Chief Executive Officer Richard Cantz Ben McCanna/Staff Photographer

It doesn’t take Rich Cantz long to come up with what he believes is the most positive recent change at Goodwill Northern New England, which he has led for the past five years.

For years, he said, the focus in northern New England and in most Goodwill operations nationwide has been helping people find jobs. But that’s just one piece of assistance the Gorham-based nonprofit social organization now provides, he said.

“We focus on the whole person,” he said, which means not just helping someone find a job, but also determining whether they need child care, transportation or help finding housing. “We care deeply that if you want to work, you deserve to work.”

Broadening the focus beyond helping people find jobs “was a pivot,” Cantz said. “It has really changed how we think about supporting both our own employees as well as the people who come to us looking for employment.”

Cantz, president and CEO at Goodwill Northern New England, announced this week that he will be stepping down from the organization he joined 20 years ago as director of the Goodwill Fund, the group’s fundraising arm.

Most people know Goodwill for its stores, where donated goods – clothes, toys, books and furniture – are sold.
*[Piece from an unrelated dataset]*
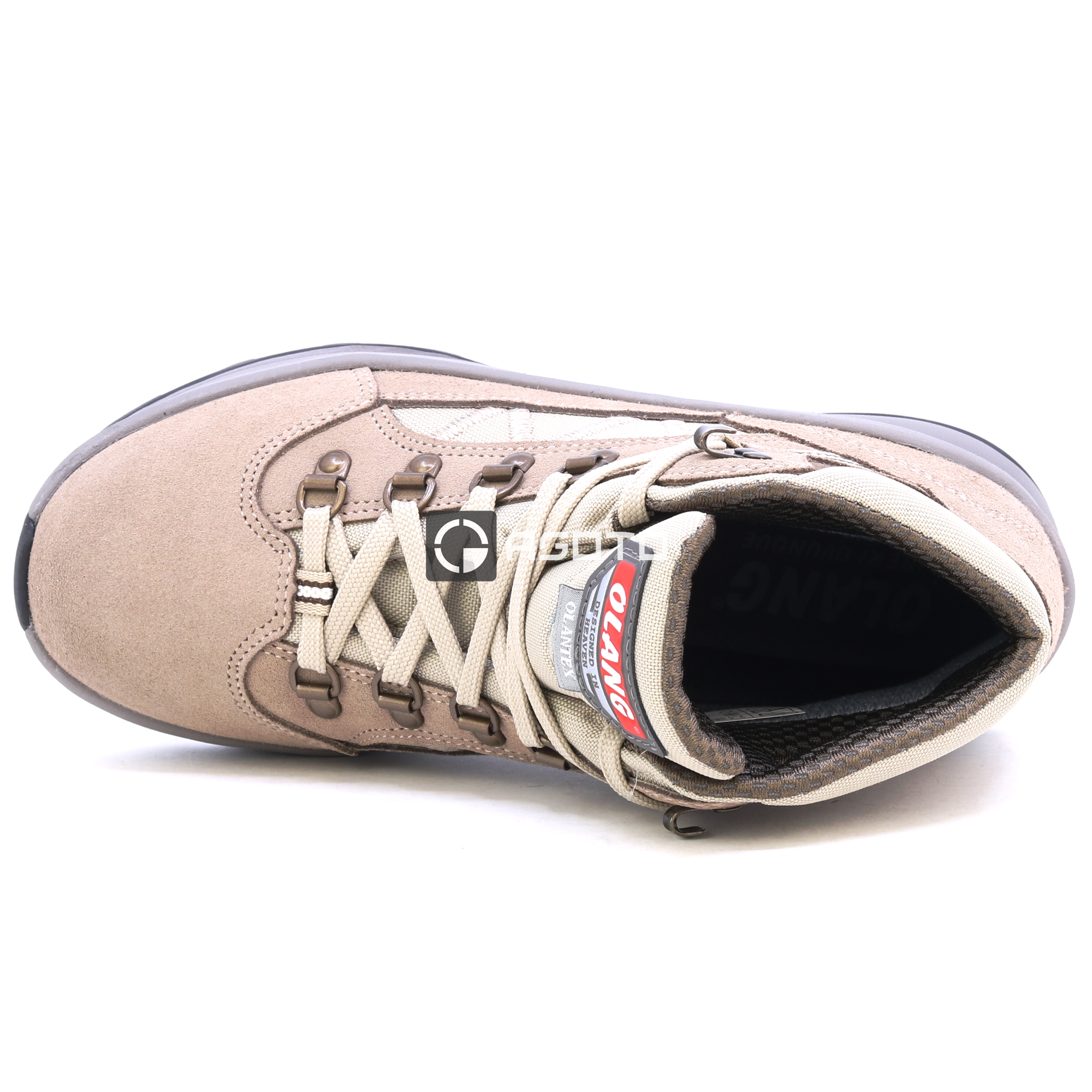 Dámská outdoorová obuv OLANG Alpine 814 v elegantním béžovém provedení spojuje odolnost, komfort a moderní design, který se skvěle hodí do přírody i pro každodenní nošení. Svršek z kvalitní přírodní kůže zajišťuje vysokou pevnost a dlouhou životnost, zatímco voděodolná membrána Olantex chrání nohy před vlhkostí a zároveň umožňuje jejich přirozené dýchání. Pevná podrážka s hlubokým vzorkem poskytuje spolehlivou trakci na různých typech povrchů, ať už se vydáte na horskou túru, lesní stezku nebo do městského prostředí. Anatomicky tvarovaná stélka a měkké polstrování zajišťují pohodlí i při celodenním nošení, což ocení aktivní ženy, které hledají spojení funkčnosti a stylu. Díky neutrálnímu béžovému odstínu je tento model snadno kombinovatelný s outdoorovým i volnočasovým oblečením, což z něj činí ideální volbu pro každou dobrodružnou výpravu.

The low prices at the 29 stores bring in bargain hunters – and also the money Goodwill uses to underwrite its social services, community, training and job placement programs in Maine, New Hampshire and part of Vermont.


Goodwill Northern New England also runs 18 group homes, two brain injury clinics, support programs for adults with disabilities and a commercial cleaning business that provides jobs for more than 50 people.

Goodwill Northern New England’s retail operations brought in $34.4 million in revenue in 2020, according to its IRS filing for that year. The stores also employed about 1,000 of the organization’s roughly 1,500 permanent employees. Cantz said the IRS filing suggests that Goodwill Northern New England has about 3,000 employees, but that includes a large number hired short term as they transition to other jobs.

Cantz said Wednesday that finding people jobs is central to the organization and particularly critical as Maine deals with a labor shortage. He said Goodwill orients its social programs “through the lens of employment. It’s critical and central to all that.”

Jobs, he said, help build social capital and provide “connective tissue to the community” for those who have had a lot of instability in their lives.

Cantz has provided a solid basis for Goodwill Northern New England to meet its goal of moving 10,000 people into stable situations by 2027, said Pete Groth, the organization’s board chair, in a statement on the organization’s website.

The board, he said, will begin the search for a new leader and hopes to have one in place before Cantz leaves around the end of the year. Cantz earned $206,000 in 2020, according to the IRS filing.

Cantz said he will help the board find his replacement if it asks. At 51, he said, he doesn’t plan to retire, but has no firm idea what he will do next.

“I wouldn’t call it retirement quite yet,” he said. “It’s something I’ve never done – I’ll take a little pause.”